Comissão aprova fim da taxa das blusinhas e texto vai à Câmara
Medida provisória que zera o Imposto de Importação para compras internacionais de até US$ 50 foi aprovada por comissão mista e segue para o Plenário.
A comissão mista responsável pela análise da medida provisória aprovou, nesta quarta-feira (2), o texto que zera o Imposto de Importação sobre compras internacionais de até US$ 50, medida popularmente conhecida como a taxa das blusinhas. Com a aprovação, a matéria segue para votação no Plenário da Câmara dos Deputados e, posteriormente, para o Plenário do Senado.
A expectativa do colegiado é que as duas Casas analisem a medida provisória ainda nesta semana, uma vez que o texto perde eficácia no próximo dia 8. Apesar da eliminação do tributo federal para essa faixa de valor, as compras internacionais continuam sujeitas ao ICMS, cujas alíquotas são definidas pelos estados.
Justiça tributária
O relatório aprovado foi apresentado pela senadora Leila Barros (PDT). Ela reconheceu as preocupações da indústria e do varejo em relação à concorrência externa, mas argumentou que a desoneração é um mecanismo de justiça tributária para os consumidores de menor renda.
— Há uma clara assimetria entre o tratamento das compras internacionais feitas pelos mais ricos e aquelas realizadas pelas famílias mais carentes. Enquanto o viajante que se desloca ao exterior já goza de isenção de tributos federais sobre a bagagem no valor de até US$ 1.000,00, a família de baixa renda, que não viaja, não dispõe desse mesmo canal desonerado. A única forma à disposição desse estrato social para adquirir produtos importados de pequeno valor é pela remessa internacional — declarou a relatora.
A parlamentar contou com o apoio do presidente da comissão mista, o deputado federal Reginaldo Lopes (PT-MG). Após negociações, o texto foi transformado em um projeto de lei de conversão (PLV) devido às alterações incorporadas durante a análise.
O relatório acrescentou diretrizes voltadas à fiscalização e transparência das plataformas de comércio eletrônico, ao combate a fraudes e à avaliação periódica dos impactos da medida sobre a economia nacional.

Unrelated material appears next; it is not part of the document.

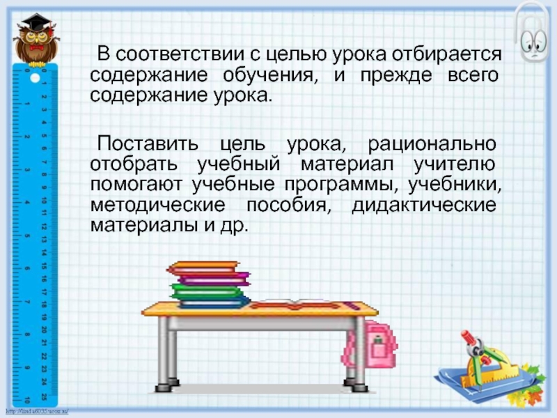 Слайд 9 В соответствии с целью урока отбирается содержание обучения, и прежде всего

Entre as mudanças acatadas está a isenção para medicamentos sem similar nacional destinados ao tratamento de doenças raras ou negligenciadas.

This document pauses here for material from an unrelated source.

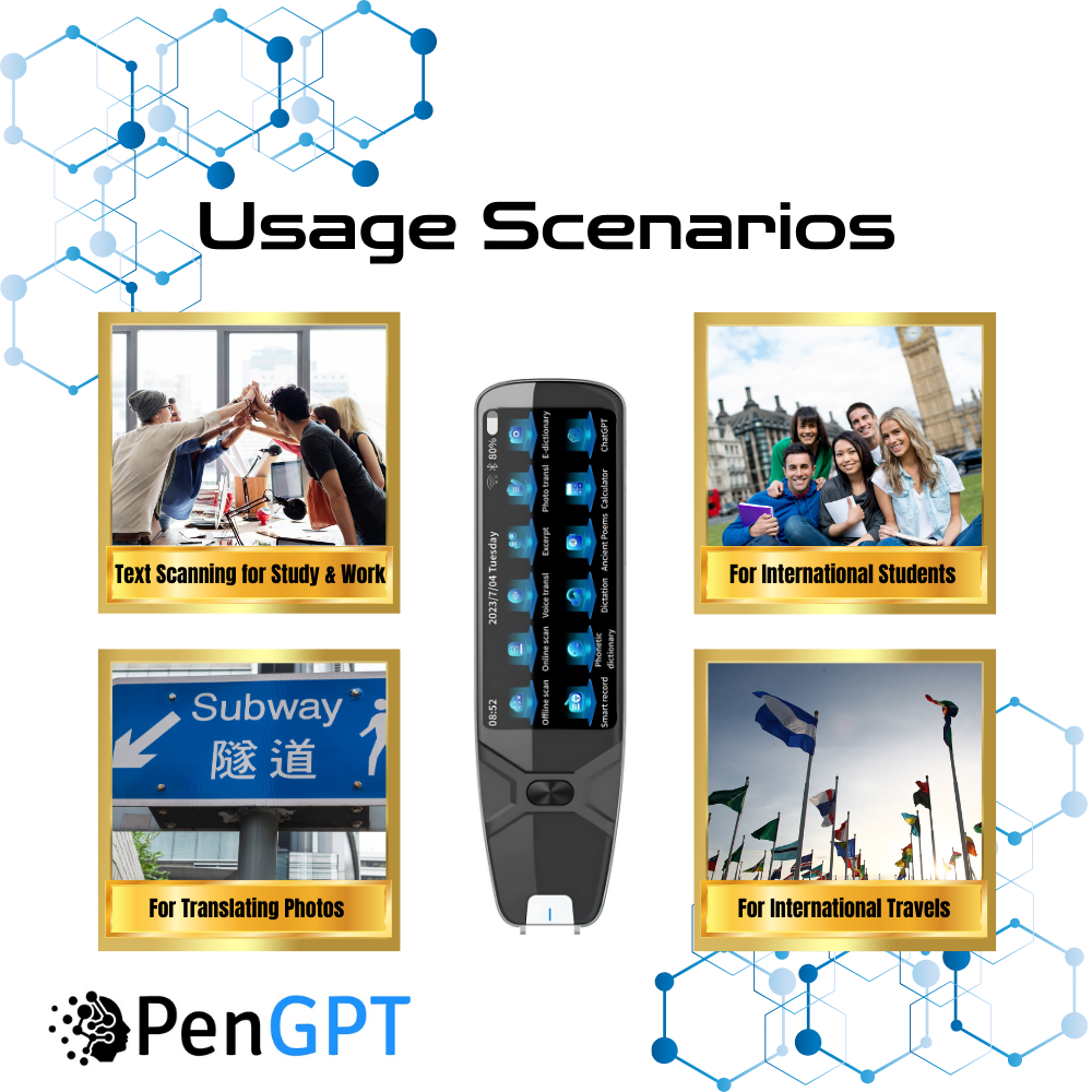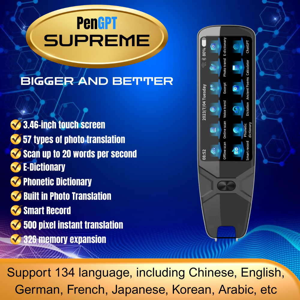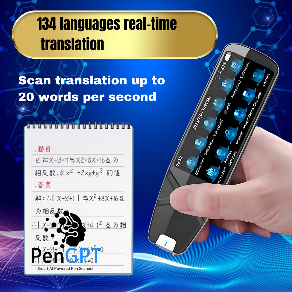 The PenGPTs are smart devices that instantly answers questions using the Built In ChatGPT System inside it, translates languages in real time, and scans text. It has a large HD screen, Wi-Fi, offline translation for 60+ languages, a built-in camera, Bluetooth, music playback, file storage, and voice recording.

O Ministério da Fazenda também foi autorizado a modificar as alíquotas do Imposto de Importação no Regime de Tributação Simplificada, podendo reduzi-las a zero na faixa de até US$ 50 e a 30% nas compras de até US$ 3 mil. Além disso, o governo federal poderá estabelecer limites de quantidade ou frequência para a aplicação do benefício, coibindo o fracionamento artificial de remessas.